Missed this Antonia, but at least I'm here now and will probably ping this back someday. Twitter is work and these are all good tips to make it less so and more manageable. Always used clients - TweetDeck columns, yes! - and never auto follow, so ahead of the game there. ITA on curating the list.. often. I've been on an unfollow kick lately, seeing those who really just promote links, zapping duplicate RSS or news feeds, lots of the blah or dead accounts. I don't mind and in fact prefer a mix of links and RT and replies and conversation; it's when I see nothing but FS check-ins or an overload of #hashtagvomit that's when I reach for the unfollow button. It's helped make some room for some good follows. FWIW.

Brett
Brett

Twitter's not turning into anything new. It has *always* been plagued by clowns and pointless tweets (you know, "my breakfast..."). But I do think that more people are catching on about how to apply their purposeful strategy to make it useful.

Gina SuuperG Stark
Gina SuuperG Stark

Great post and good reminders for those of us on Twitter for a while. I had recently been contemplating shutting off my auto follow...it was a time saver, yes, but I miss having the overall hands on decision about who I'm following. I automated thinking I could always unfollow people who were haters or otherwise not relevant, but I rarely view my main stream anymore. (lists, glorious lists!) Thanks again! I shut it off...now I must remember to manually follow back new people! Cheers, Gina

Dysfunction Junction
Dysfunction Junction

I'm definitely on board in regards to things like Proxlet. In TweetDeck I use my global filter like nobody's business. I never have to see another foursquare check in for the rest of my life.

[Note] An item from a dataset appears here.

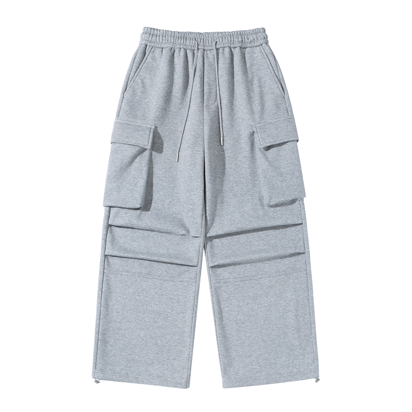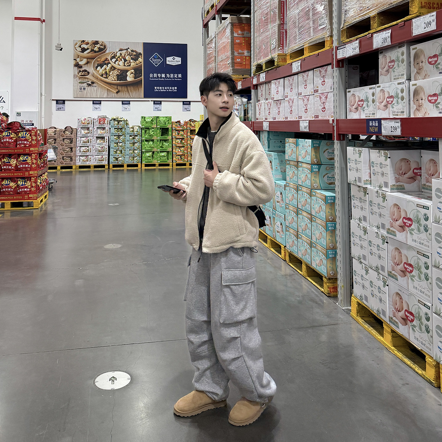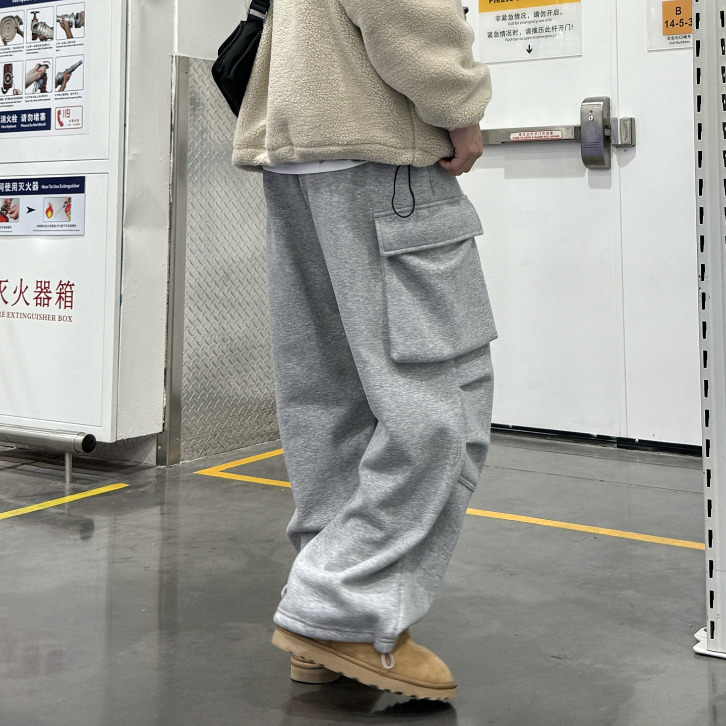 灰色加绒加厚卫裤直筒男生冬季2026新款宽松保暖工装束脚运动长裤

I think I definitely need to make better use of the lists though...weekend project perhaps.

Aaron Longnion
Aaron Longnion

@Antonia - it's in pre-Beta, so I'm completely open to feedback and ideas. Please let me know through any means necessary ;-)

Alysson
Alysson

Great advice, Antonia. All 5 of your suggestions would serve anyone looking to get the most from their Twitter experience well. "Don't Auto Follow" is perhaps the one personal best practice that I've found most beneficial. While I wrote my "Reciprocal and Auto-Following on Twitter = Bad Idea" (http://www.seoaly.com/twitter-follow-policy/) almost 2 years ago now, it's still as true for me today as it was then.

Ben Anderson
Ben Anderson

The only thing that I'd add is specific to Android smartphone users. So it's sort of tangential to your post. I recently found TweetCaster by Handmark on the Marketplace and as mentioned about Proxlet you can "zip" noisy twits and keep the useful folk in your feed. So all those #quote posts that don't really inspire but do fill up my Twitter feed get filtered out. It's very nice when dealing with a smaller screen.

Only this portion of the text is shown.